Given records
.....

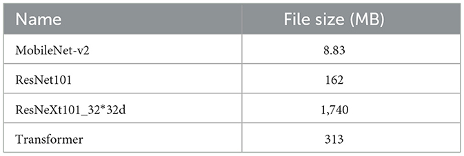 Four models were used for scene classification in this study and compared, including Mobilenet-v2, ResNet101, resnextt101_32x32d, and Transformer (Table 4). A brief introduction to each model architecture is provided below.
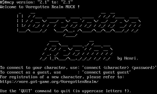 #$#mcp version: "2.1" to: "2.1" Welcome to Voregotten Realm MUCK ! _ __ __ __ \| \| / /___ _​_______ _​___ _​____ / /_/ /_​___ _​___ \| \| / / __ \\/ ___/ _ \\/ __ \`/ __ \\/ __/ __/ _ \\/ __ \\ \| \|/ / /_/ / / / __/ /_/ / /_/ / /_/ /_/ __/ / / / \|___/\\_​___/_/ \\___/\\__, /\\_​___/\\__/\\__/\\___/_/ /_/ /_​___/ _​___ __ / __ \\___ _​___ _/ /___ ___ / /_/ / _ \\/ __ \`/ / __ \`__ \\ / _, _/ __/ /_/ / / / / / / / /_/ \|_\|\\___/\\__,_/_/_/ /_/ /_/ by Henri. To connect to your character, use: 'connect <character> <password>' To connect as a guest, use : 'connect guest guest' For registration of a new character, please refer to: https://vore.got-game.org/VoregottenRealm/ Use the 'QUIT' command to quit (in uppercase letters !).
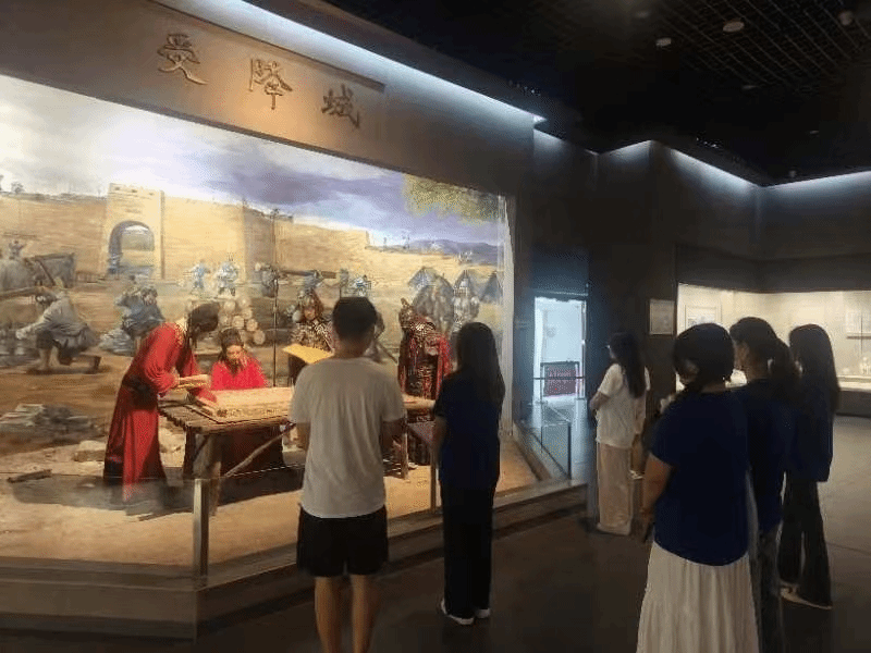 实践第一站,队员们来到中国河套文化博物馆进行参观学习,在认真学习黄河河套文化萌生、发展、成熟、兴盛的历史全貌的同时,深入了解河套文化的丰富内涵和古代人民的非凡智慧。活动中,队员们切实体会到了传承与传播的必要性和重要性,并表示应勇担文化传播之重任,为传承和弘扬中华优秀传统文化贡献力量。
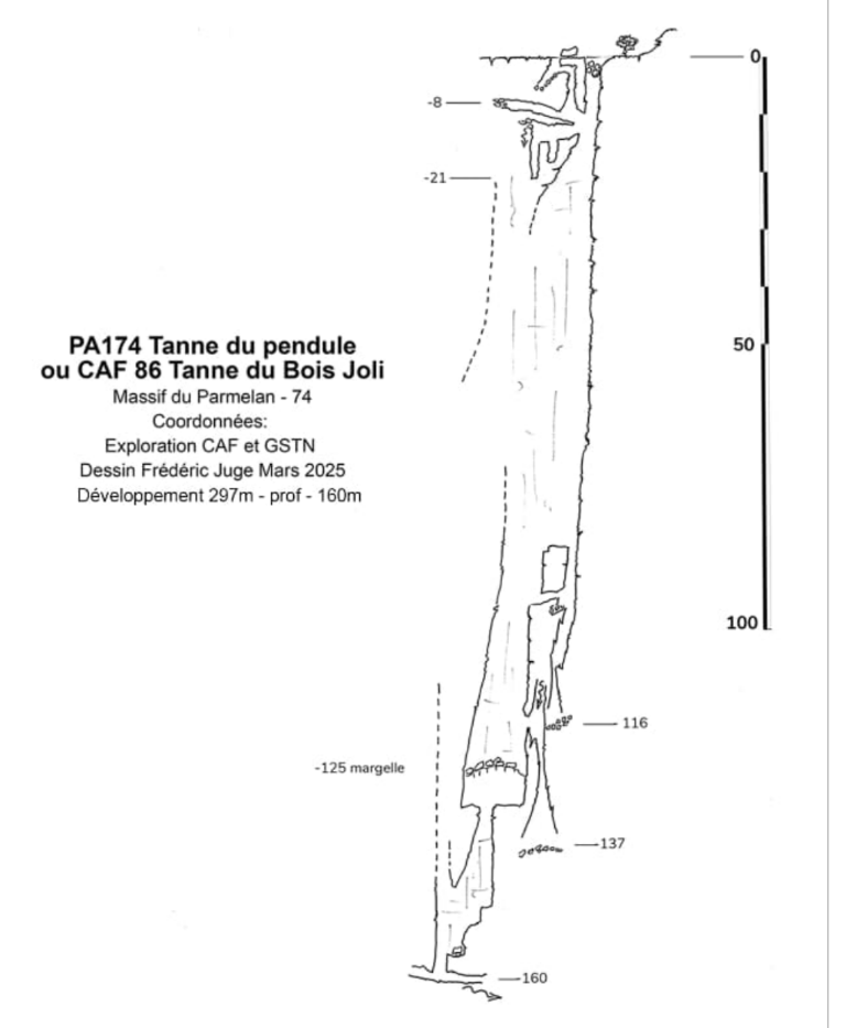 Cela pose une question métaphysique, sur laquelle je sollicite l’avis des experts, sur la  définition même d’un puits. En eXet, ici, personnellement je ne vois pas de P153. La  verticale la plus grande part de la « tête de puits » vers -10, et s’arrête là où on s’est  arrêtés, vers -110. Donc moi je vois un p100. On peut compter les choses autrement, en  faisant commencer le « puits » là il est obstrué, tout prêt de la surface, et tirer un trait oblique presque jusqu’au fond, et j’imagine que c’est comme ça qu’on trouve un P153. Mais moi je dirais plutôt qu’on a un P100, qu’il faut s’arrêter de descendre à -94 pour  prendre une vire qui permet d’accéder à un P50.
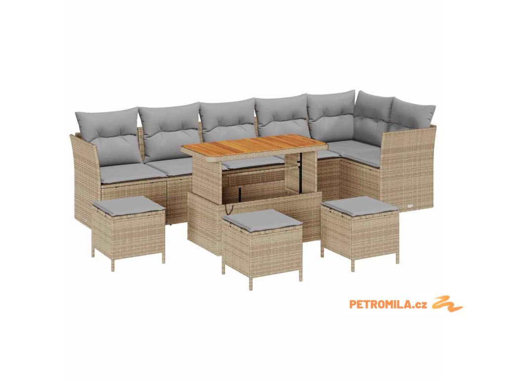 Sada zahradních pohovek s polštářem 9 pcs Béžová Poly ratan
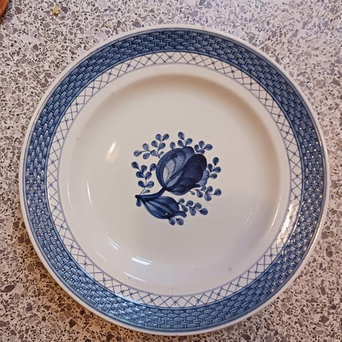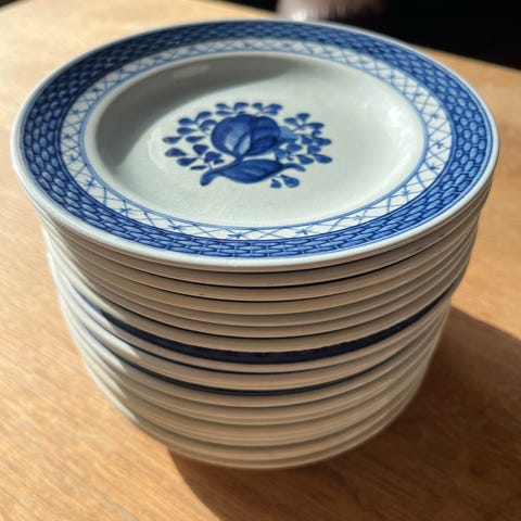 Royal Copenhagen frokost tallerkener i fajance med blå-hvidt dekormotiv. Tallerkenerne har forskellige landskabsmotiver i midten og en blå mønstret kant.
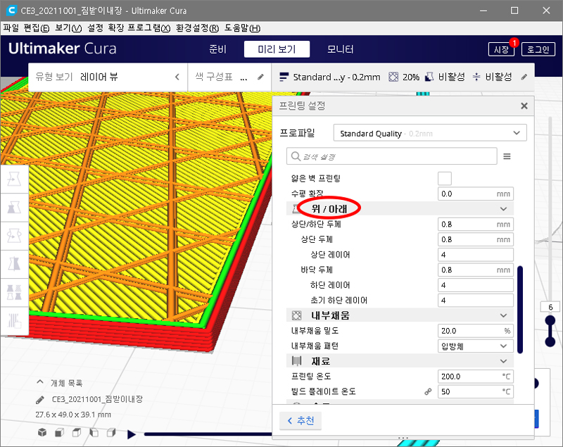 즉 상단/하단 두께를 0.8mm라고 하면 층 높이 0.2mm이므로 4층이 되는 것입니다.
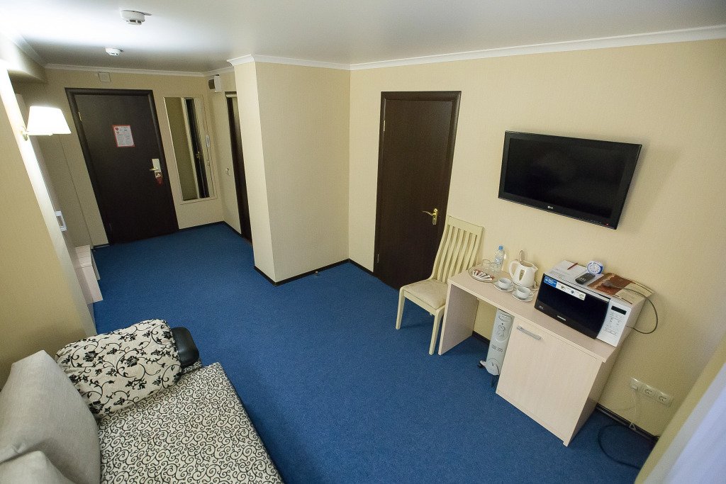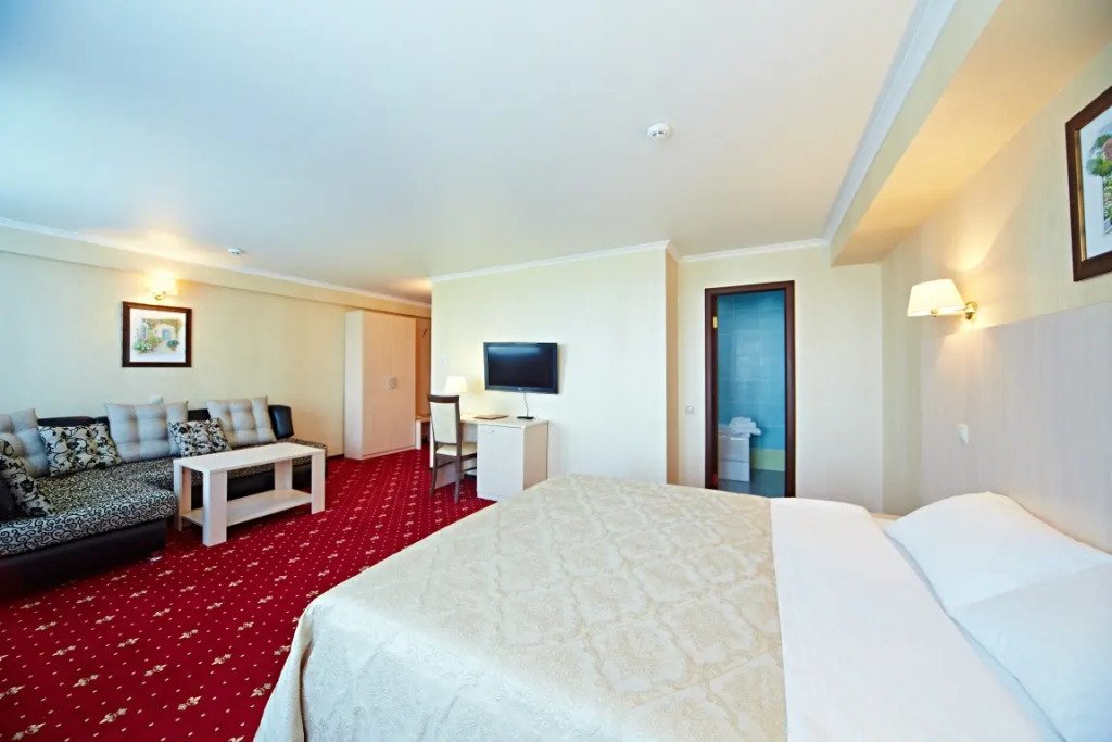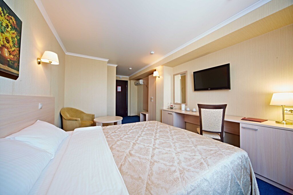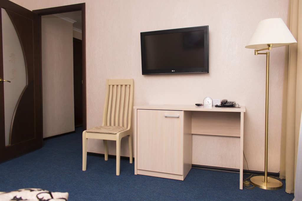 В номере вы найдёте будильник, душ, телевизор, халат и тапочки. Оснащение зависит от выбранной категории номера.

.....

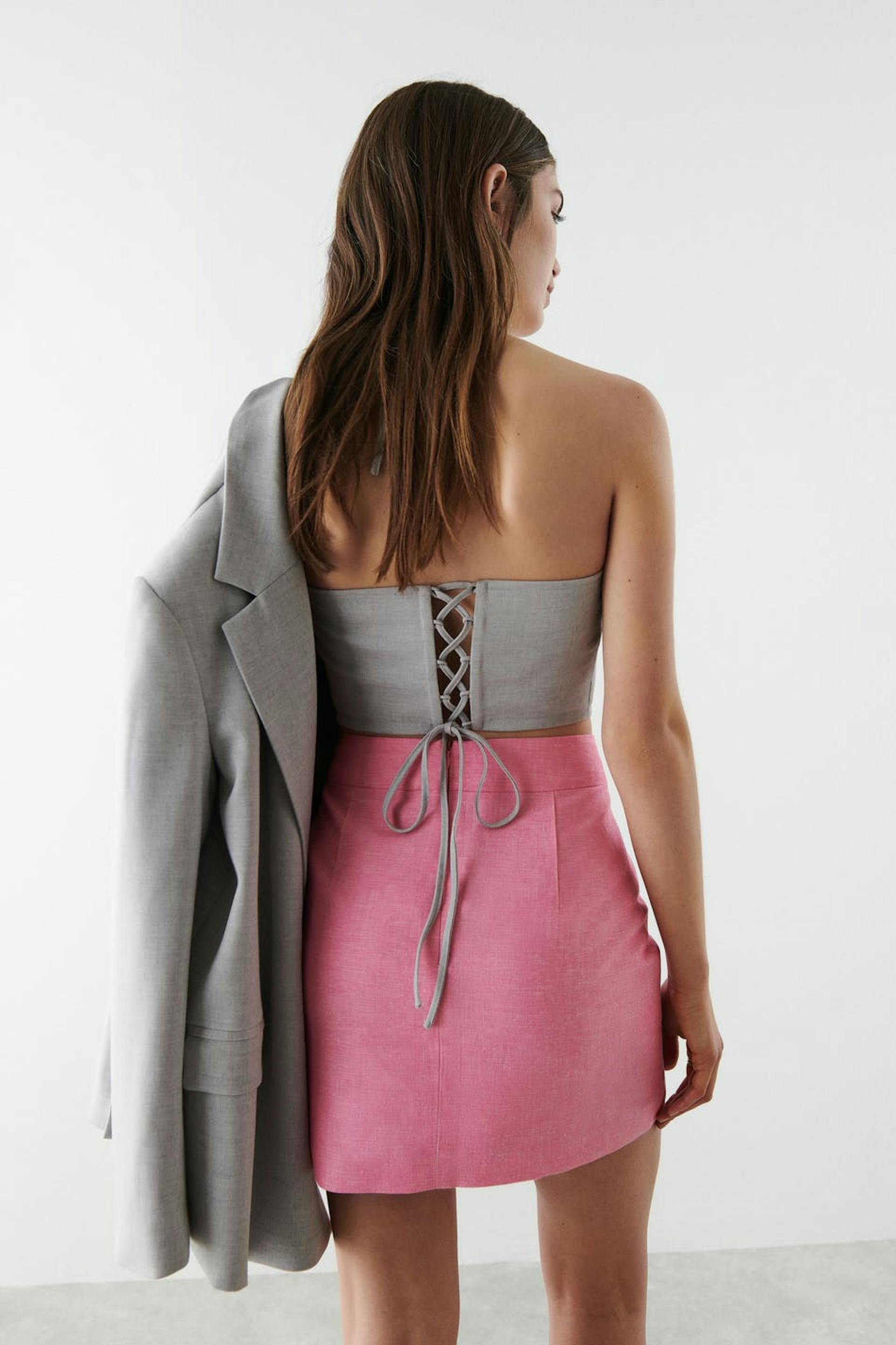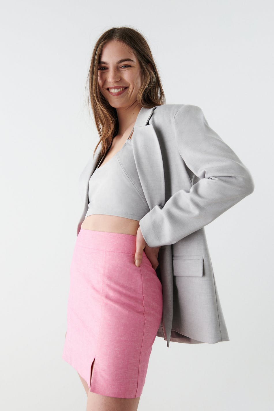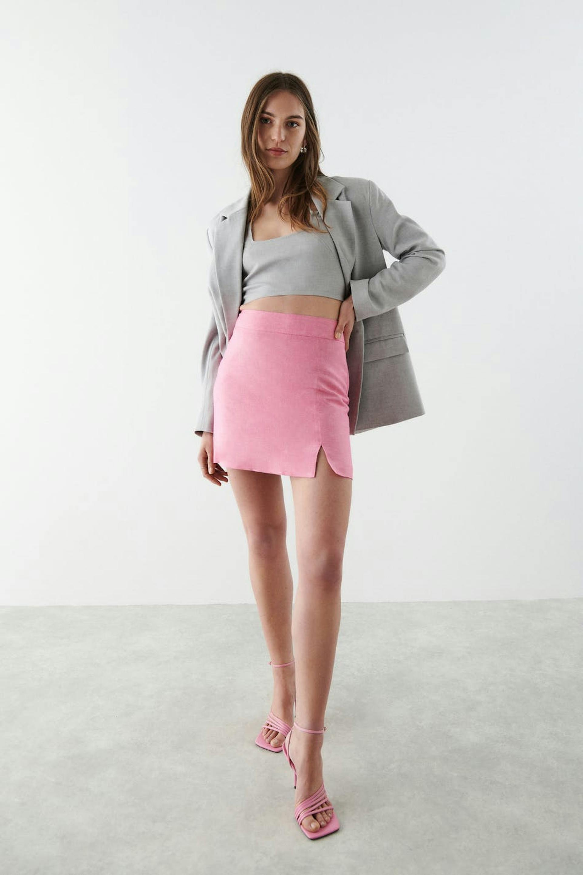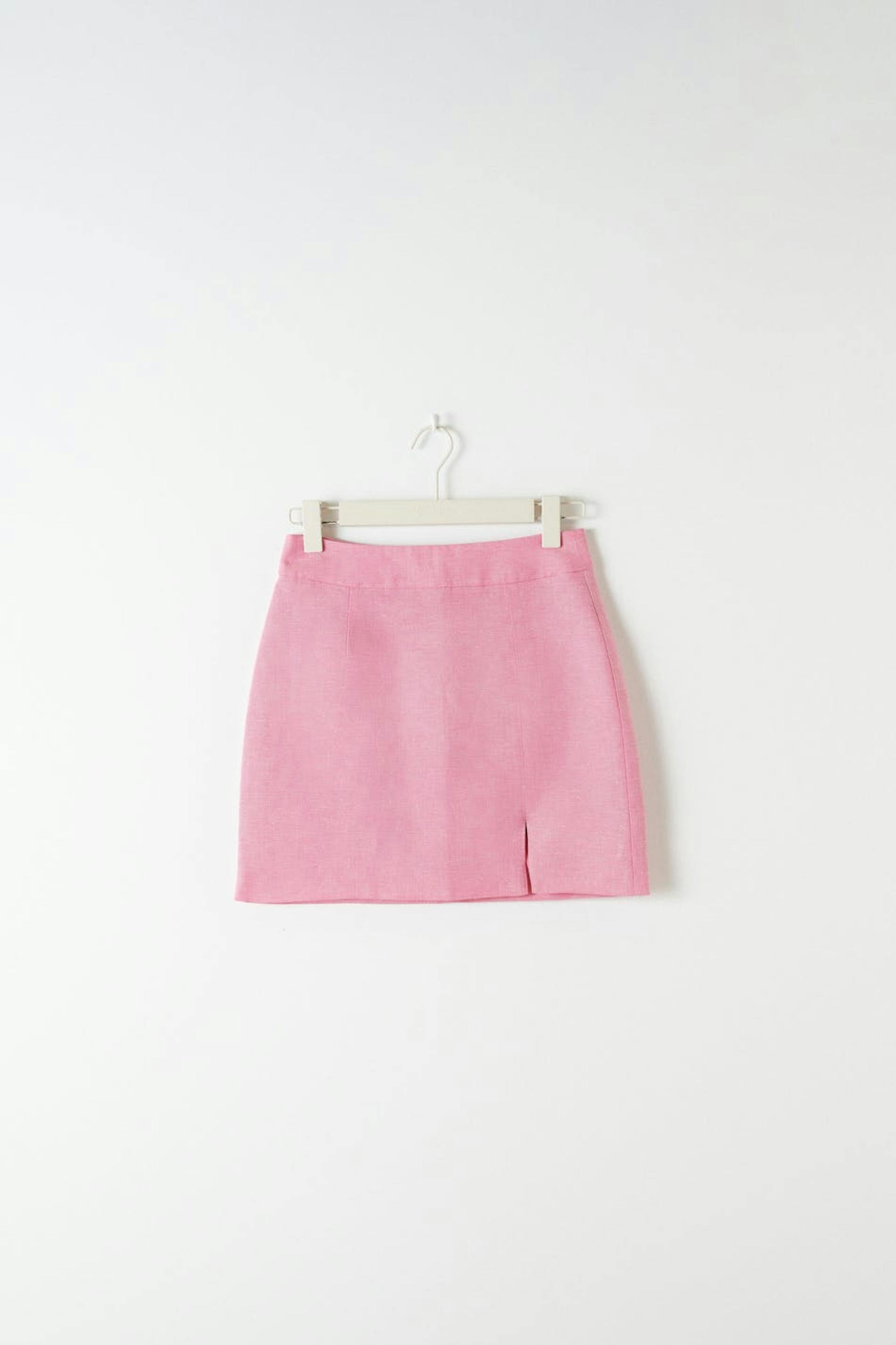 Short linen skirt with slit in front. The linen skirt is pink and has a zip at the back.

.....

From the records above, extract the lines from the one holding "Royal Copenhagen frokost" through the one holding "В номере вы", word for word; omit the pictures.

Task result
 Royal Copenhagen frokost tallerkener i fajance med blå-hvidt dekormotiv. Tallerkenerne har forskellige landskabsmotiver i midten og en blå mønstret kant.
 즉 상단/하단 두께를 0.8mm라고 하면 층 높이 0.2mm이므로 4층이 되는 것입니다.
 В номере вы найдёте будильник, душ, телевизор, халат и тапочки. Оснащение зависит от выбранной категории номера.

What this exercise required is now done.